• [Exercise]
Give the listing again exactly, skipping any pictures it holds.

• [Dataset section]
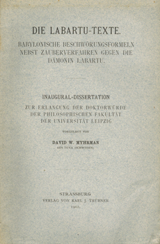 Myhrman, David W: Die Labartu-Texte. Babylonische Beschwörungsformeln nebst Zauberverfahren gegen die Dämonin Labartu. Verlag von Karl J. Trübner, Strassburg 1902. 1 Bl., 60 S., 1 Bl. OBroschur.
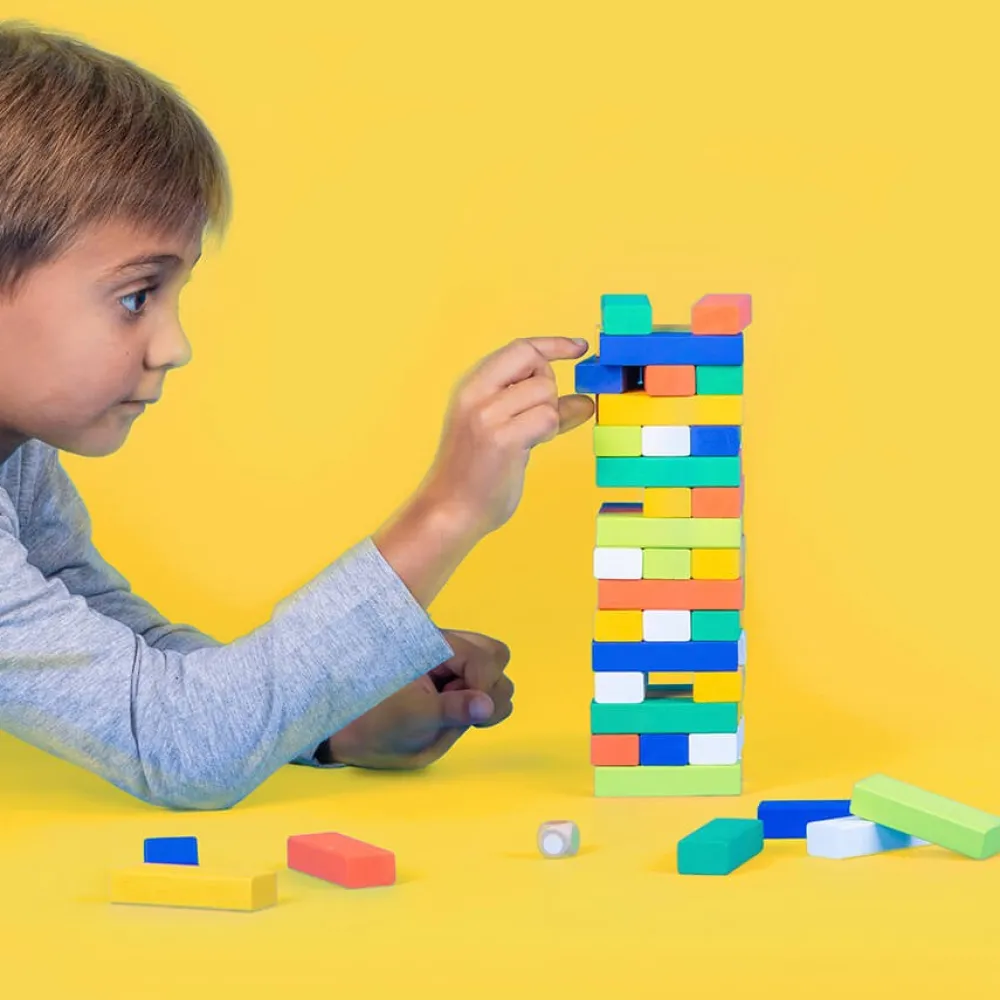 – Incluye 54 bloques de 6 colores (9 piezas por color), 1 dado con puntos de colores, 1 cartón para colocar las piezas e instrucciones de juego.
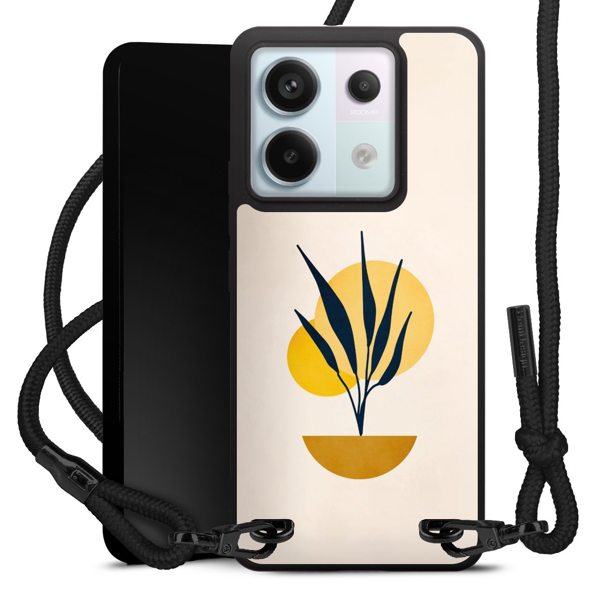 The matt black silicone case is made of flexible TPU (thermoplastic polyurethane) and offers robust protection. The durable, unbreakable material makes the cover flexible and dimensionally stable at the same time. The matte surface makes your design stand out more and is less susceptible to fingerprints and dirt. The stylish trend accessory fits comfortably in the hand and is perfectly complemented by the fabric (polyester) mobile phone strap. The braided fabric strap is approx. 1.70 metres long with a diameter of approx. 0.5 cm. Due to the special knotting technique, the length of the strap can be adjusted by simply pulling it, so that you can adapt it individually to your wishes. The practical case to wear around your neck is available with the fabric strap in black. As a little icing on the cake, we have provided the strap with a chic metal fastener in matt black. The strap is securely fastened to the case with loops made of high-quality genuine leather and press studs. The ends of the fabric strap are covered with metallic end caps and thus protected from fraying.

• [Output of the exercise]
 Myhrman, David W: Die Labartu-Texte. Babylonische Beschwörungsformeln nebst Zauberverfahren gegen die Dämonin Labartu. Verlag von Karl J. Trübner, Strassburg 1902. 1 Bl., 60 S., 1 Bl. OBroschur.
 – Incluye 54 bloques de 6 colores (9 piezas por color), 1 dado con puntos de colores, 1 cartón para colocar las piezas e instrucciones de juego.
 The matt black silicone case is made of flexible TPU (thermoplastic polyurethane) and offers robust protection. The durable, unbreakable material makes the cover flexible and dimensionally stable at the same time. The matte surface makes your design stand out more and is less susceptible to fingerprints and dirt. The stylish trend accessory fits comfortably in the hand and is perfectly complemented by the fabric (polyester) mobile phone strap. The braided fabric strap is approx. 1.70 metres long with a diameter of approx. 0.5 cm. Due to the special knotting technique, the length of the strap can be adjusted by simply pulling it, so that you can adapt it individually to your wishes. The practical case to wear around your neck is available with the fabric strap in black. As a little icing on the cake, we have provided the strap with a chic metal fastener in matt black. The strap is securely fastened to the case with loops made of high-quality genuine leather and press studs. The ends of the fabric strap are covered with metallic end caps and thus protected from fraying.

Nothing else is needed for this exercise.